As Hirst put it: “At games of Australian rules football the spectators yell foul abuse at the umpire and then at half time they file quietly outside to have a smoke”. We’re the only English-speaking country to make voting compulsory. Before that we had compulsory enrolment. We even had laws that made it mandatory to tell the Electoral Office if you moved house. The police were involved in administering all of these policies, aided by spies from the Electoral Office. Yes. Our Electoral Office had spies, most often postmen. That describes a libertarian’s hell. Hell, it’s vastly more interventionist than even social democratic Europe.

And while we have our share of people who decry the idea of a creeping "nanny state", I'd venture that every one of these measures, from compulsory voting to bicycle helmets, is wildly popular here. In general, we'd argue they're common sense and regard critics of them as unreasonably ideological. In any event, we comply silently with all of them.

We might despise politicians, but we ultimately like government for the very simple reason that the modern nation-state of Australia could never have existed without it. In fact, it never did.

The British arrived with Governors, ready to assume the role of governing. White government arrived with white settlers everywhere except Melbourne, which was the only place settlers formed their own government. Then, these governments set about building infrastructure in a way they never did in Britain. They were not managing a society that existed. They simply crushed the Indigenous ones that did, then proceeded as though no society was here in the first place. That set in motion a peculiarly Australian logic that government created society, not the other way around.

Beyond that, our love of border control scarcely needs explanation. One of the first laws we passed after federation was the Immigration Restriction Act, and it has been the most enduring theme of this COVID year. The federal government defied World Health Organisation advice by shutting down our international border. Then, most of our state governments defied the federal government and shut their borders, too. Spats repeatedly broke out between the federal, Queensland and New South Wales governments.

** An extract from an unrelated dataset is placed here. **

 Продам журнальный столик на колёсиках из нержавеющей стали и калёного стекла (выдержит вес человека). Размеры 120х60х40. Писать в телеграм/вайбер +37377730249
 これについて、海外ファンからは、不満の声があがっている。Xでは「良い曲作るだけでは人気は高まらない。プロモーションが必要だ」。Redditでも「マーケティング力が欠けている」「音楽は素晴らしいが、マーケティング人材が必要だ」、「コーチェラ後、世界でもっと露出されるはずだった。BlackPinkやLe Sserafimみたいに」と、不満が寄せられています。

But for all the political fireworks, there isn’t a single leader in this country who didn’t benefit from a hard border policy during this pandemic. Indeed, there probably hasn’t been one in our history. You could never have done this in Europe, where permeable borders are so central to people’s understanding of life. You’d be hard pressed to close state borders in America. But we embraced it with astonishing ease.

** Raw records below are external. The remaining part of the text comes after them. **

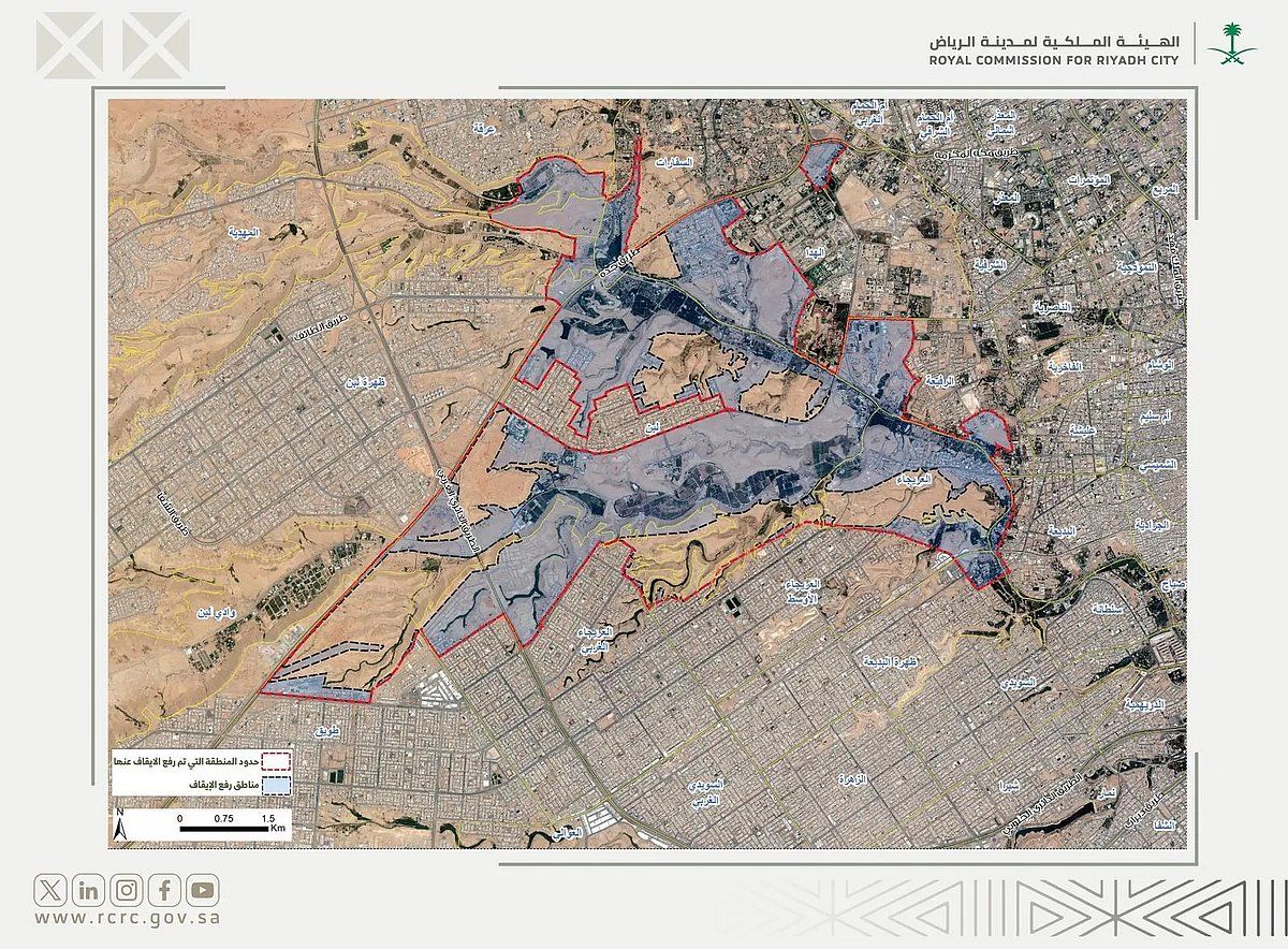 أعلنت الهيئة الملكية لمدينة الرياض، رفع الإيقاف عن أراضٍ واقعة في غرب مدينة الرياض، بمساحة إجمالية تبلغ 33.24كم² بما يشمل تمكين ملاك الأراضي والعقارات من التصرف بالبيع والشراء وأعمال التخطيط والتقسيم والتجزئة وإصدار رخص البناء، على أن يُطبق الكود العمراني لمنطقة وادي حنيفة وروافده في المنطقة التي رُفع الإيقاف عنها.
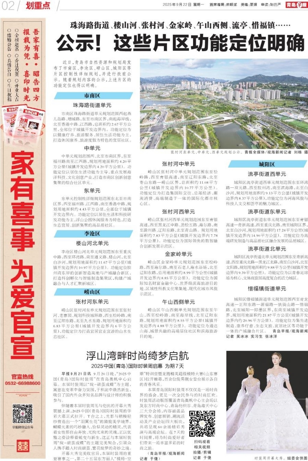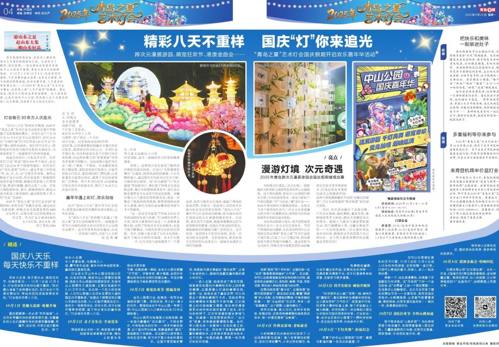 A01 头版 A02 划重点 A03 2025年青岛之夏艺术灯会 A04 2025年青岛之夏艺术灯会 A06 今日看点 A07 周一见 A08 周一见 A09 周一见 A10 身边事 A11 文体 A12 观天下周刊
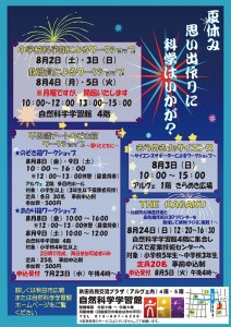 中学校科学部によるワークショップ 期間:2014年08月02日 ~ 2014年08月03日 開催日:8月2日(土)、3日(日) 時 間:1回目10:00~12:00 2回目13:00~15:00 会 場:アルヴェ 自然科学学習館 問合せ:☎018-887-5330
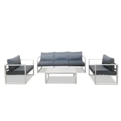 Salon De Jardin Aluminium 5 Places Couleur Blanc Gris – VINCENNES
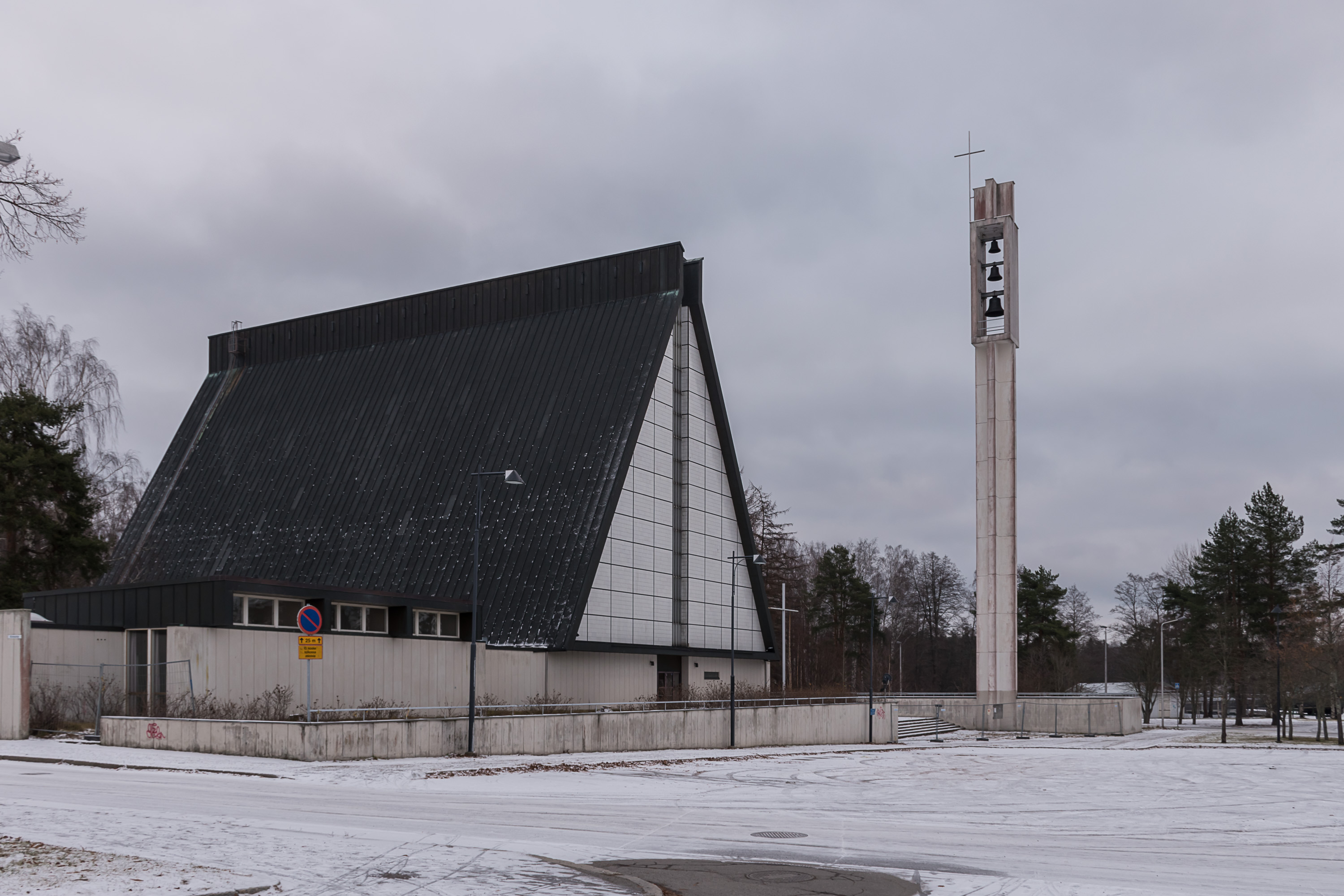26. Сделаем круг вдоль берегов Валкеакоски. Чуть дальше от центра располагается довольно брутального облика церковь. 1969 год, архитектор Вейкко Ларкас (Veikko Larkas) — он построил целый ряд церквей, по форме похожих на средневековые каменные церкви Финляндии, но по облику функционалистских/модернистских. Я неиронично большой фанат.

All these traits are invaluable weapons against COVID. They’re also what makes it possible for us to legislate gun control after an isolated massacre, pass expansive counter-terrorism legislation without anything like the scrutiny of a serious public debate, and maintain a brutal policy on asylum seekers. Chances are you support some of these things and oppose others.

But that’s the nature of a national psyche. It leads us to do both daft and inspirational things without breaking stride. Perhaps America cannot control its guns for the same reason it can have a spectacular civil rights movement. And if that’s true, perhaps we stopped COVID for the same reason we stopped the boats.